It still loads the local one, even with PhysX installed.

.... Ok this is really unexpected. The game should be querying PhysXCore Path and following it. I cannot seem to reproduce this.

[Mgamerz]

My enableLocalPhysXCore variable is set to 00 00 00 00 00 00 (edit: lmao using a vpn causes this). Not sure why. And I had no registry keys to begin with, so it's the reinstallation trying to set values that is not working. I think I have a way we can simply force Mass Effect to always use local PhysX. Then there would be no need for an installation of PhysX to occur.

I disassembled the loader and after an hour of banging my head on the wall I think I've worked out the function. It's doing the mac comparison. If I just nop out the jnz short MacAddrByteNotEqual it will always think the mac is the same, regardless of whatever value is there. This will make it think the local PhysX core file should be used.

I disassembled it in Ghidra as well. Was really helpful to figure out some stuff.

I think we can patch it out. Unfortunately that doesn't fix the game trying to write the registry key to begin with, but this will make sure Mass Effect always uses the local version so we would not need system PhysX.

Then user can even uninstall and reinstall (keys will never be deleted, but they will be empty at worst).

This is not true. I have observed the keys being deleted. If I install legacy physx (after cleaning out all AGEIA keys), then run the uninstaller, the AGEIA keys are gone.

If you want to simulate the installer being broken, install legacy physx, let mass effect install it's values, then put the deny permission in place. Then install PhysX and try to install it again. The leftover value ME left behind will keep the deny subkey in place (otherwise it would have just deleted the AGEIA key entirely). The installer will not be able to install the subkeys, so it doesn't work.

[mirh]

And I had no registry keys to begin with, so it's the reinstallation trying to set values that is not working.

Because you probably screwed up permissions, thus glitching the installer.

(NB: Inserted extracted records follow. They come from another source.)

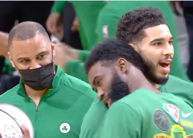 在输掉比赛后,塔图姆坐在板凳上深思,杰伦布朗走了过去,他送给了塔图姆一个拥抱,并且对着塔图姆耳语了一番,塔图姆的脸上也露出了微笑,这一刻,塔图姆熄灭的斗志再一次燃起。
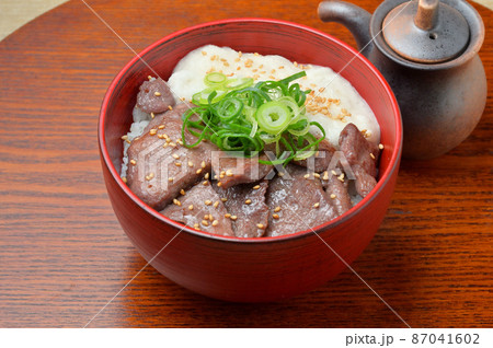 牛タンとろろ丼。牛タン焼き肉+長芋とろろのご飯丼。ネギを添えて。
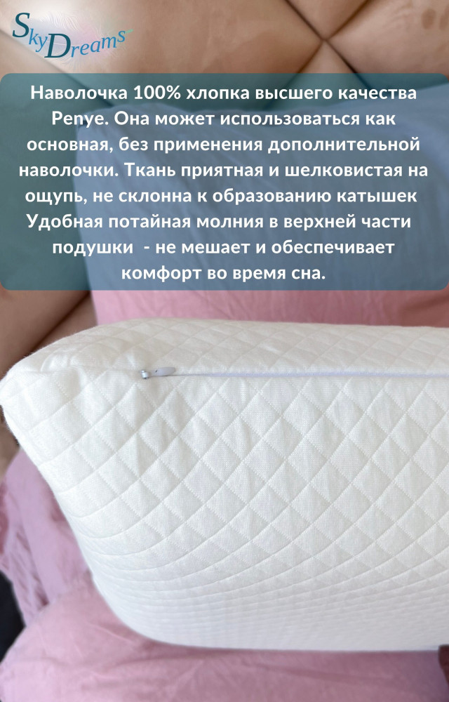 • во время сна на подушке SkyDreams отсутствует давления на мягкие ткани, что помогает сохранить молодости кожи.

I totally verified on a clean system legacy should create everything as I said.

This will make it think the local PhysX core file should be used.

That's definitively one spin I didn't foresee. It's quite workable then.. But to be absolutely honest I'd rather condom ME1 doing the screwing.

I have observed the keys being deleted.

If your permissions are like normal, sure. But there's no way you can delete keys if "create subkey" is denied. Ok, I admit that for some reason I was thinking the adjusted permissions were keeping subkeys in place.. Instead it was just leftover values. The installers outsmarted me I guess. Anyway, then.. The trick is just not having any leftover value?

[Mgamerz]

The problem with that approach... is Mass Effect writes a key into it if it is given the chance, which seems possible. I can only control what happens during the install. I can't see what happens outside of that session. We can add deny but then we're trading one problem (messing up games) with another (potentially making those game's installers fail). I think messing up the game, which is easily fixable (given the knowledge), is a better choice than making the install fail if the PhysX install fails.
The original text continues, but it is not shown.